Towards Disaggregation-Native Data Streaming between Devices
Nils Asmussen, Michael Roitzsch
TL;DR
The paper tackles data-movement bottlenecks in disaggregated datacenters enabled by fabrics such as CXL, where CPU-centric staging can negate potential latency benefits. It proposes disaggregation-native devices carrying a device-independent data streaming facility and analyzes three protocol-placement strategies, advocating distributed resource-side protocols to minimize hops. Using the M3 architecture with DTU-enabled tiles, it outlines architectural components, device heterogeneity considerations, access control, and protocol implementation approaches, and discusses cross-machine extensions as a core challenge. A gem5-based evaluation demonstrates substantial latency improvements for distributed protocols (up to ~67% faster than app-side and ~25% faster than central), while acknowledging simulation limitations and open questions about mapping security primitives onto CXL fabrics for robust isolation.
Abstract
Disaggregation is an ongoing trend to increase flexibility in datacenters.
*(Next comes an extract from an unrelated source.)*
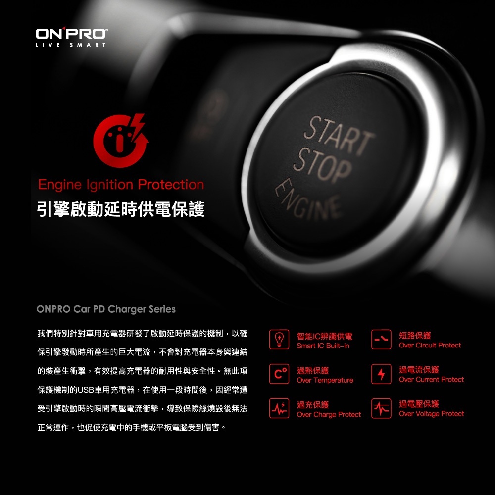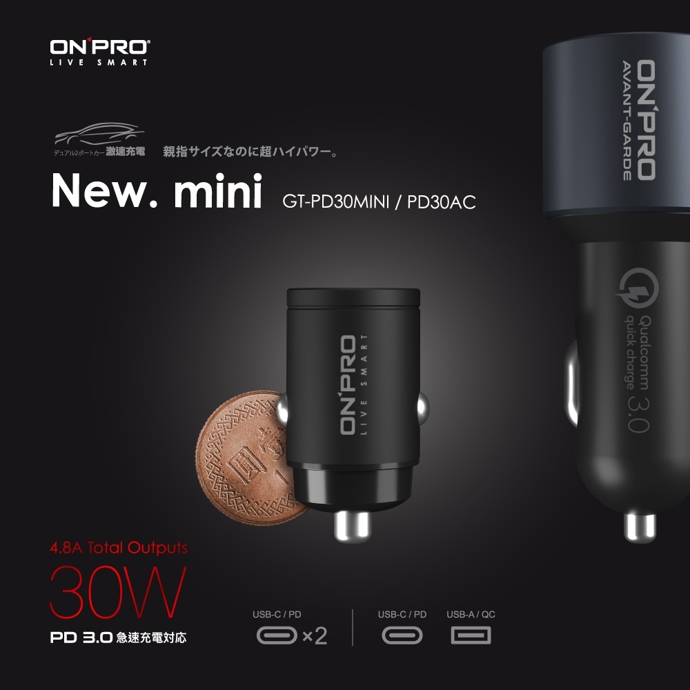 ONPRO GT-PD30AC 雙模式快充 PD30W+QC3.0 隱藏式迷你車用充電器

With interconnect technologies like CXL, pools of CPUs, accelerators, and memory can be connected via a datacenter fabric. Applications can then pick from those pools the resources necessary for their specific workload. However, this vision becomes less clear when we consider data movement. Workloads often require data to be streamed through chains of multiple devices, but typically, these data streams physically do not directly flow device-to-device, but are staged in memory by a CPU hosting device protocol logic. We show that augmenting devices with a disaggregation-native and device-independent data streaming facility can improve processing latencies by enabling data flows directly between arbitrary devices.